일반적으로 카프카는 적어도 한 번의 전달만을 보장합니다. '정확히 한 번의 전달'은 일반적으로 2단계 커밋을 필요로 하며, 이는 우리의 애플리케이션에는 필수적이지 않습니다. 대부분의 경우, 각 컨슈머 그룹에 메시지가 정확히 한 번 전달됩니다. 그러나 컨슈머 프로세스가 정상적으로 종료되지 않고 크래시가 나는 경우, 실패한 컨슈머가 소유했던 파티션을 이어받는 컨슈머 프로세스는 마지막으로 성공적으로 커밋된 오프셋 이후의 중복 메시지를 얻을 수 있습니다. 애플리케이션에서 중복을 신경쓰는 경우, 컨슈머에게 반환된 오프셋을 사용하거나 메시지 내의 고유 키를 사용하여 자체 중복 제거 로직을 추가해야 합니다. 이는 일반적으로 2단계 커밋을 사용하는 것보다 비용 면에서 효율적인 접근 방식입니다.

Kafka guarantees that messages from a single partition are delivered to a consumer in order. However, there is no guarantee on the ordering of messages coming from different partitions.

Kafka는 단일 파티션에서 온 메시지가 순서대로 컨슈머에게 전달된다는 것을 보장합니다. 그러나 다른 파티션에서 온 메시지의 순서에 대한 보장은 없습니다.

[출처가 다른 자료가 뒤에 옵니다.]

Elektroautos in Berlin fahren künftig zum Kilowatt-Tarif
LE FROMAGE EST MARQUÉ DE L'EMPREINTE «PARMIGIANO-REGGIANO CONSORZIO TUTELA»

To avoid log corruption, Kafka stores a CRC for each message in the log. If there is any I/O error on the broker, Kafka runs a recovery process to remove those messages with inconsistent CRCs. Having the CRC at the message level also allows us to check network errors after a message is produced or consumed.

로그 손상을 방지하기 위해, Kafka는 각 메시지에 대한 CRC를 저장합니다. 브로커에서 I/O 에러가 발생하면, Kafka는 일관성이 없는 CRC를 가진 메시지들을 제거하는 복구 프로세스를 실행합니다. 메시지 레벨에서 CRC를 갖고 있으므로, 메시지가 생성되거나 소비된 이후에도 네트워크 에러를 확인할 수 있습니다.

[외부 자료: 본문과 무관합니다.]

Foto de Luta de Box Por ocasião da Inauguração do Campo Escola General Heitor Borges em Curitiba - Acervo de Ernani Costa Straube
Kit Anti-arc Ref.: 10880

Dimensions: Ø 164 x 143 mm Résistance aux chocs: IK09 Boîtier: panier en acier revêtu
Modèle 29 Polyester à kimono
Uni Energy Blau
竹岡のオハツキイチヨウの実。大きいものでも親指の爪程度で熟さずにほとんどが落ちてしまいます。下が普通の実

If a broker goes down, any message stored on it not yet consumed becomes unavailable. If the storage system on a broker is permanently damaged, any unconsumed message is lost forever. In the future, we plan to add built-in replication in Kafka to redundantly store each message on multiple brokers.

만약 브로커가 다운되면, 브로커에 저장된 아직 소비되지 않은 메시지는 사용할 수 없게 됩니다. 브로커의 저장 시스템에 영구적인 손상이 발생했다면, 소비되지 않은 메시지는 영원히 잃게 됩니다. 앞으로 Kafka에 빌트인 복제(replication) 기능을 추가하여 각 메시지를 여러 브로커에 중복으로 저장할 계획입니다.

4. Kafka Usage at LinkedIn

4. LinkedIn에서 Kafka를 사용하는 방법

In this section, we describe how we use Kafka at LinkedIn. Figure 3 shows a simplified version of our deployment. We have one Kafka cluster co-located with each datacenter where our userfacing services run. The frontend services generate various kinds of log data and publish it to the local Kafka brokers in batches. We rely on a hardware load-balancer to distribute the publish requests to the set of Kafka brokers evenly. The online consumers of Kafka run in services within the same datacenter.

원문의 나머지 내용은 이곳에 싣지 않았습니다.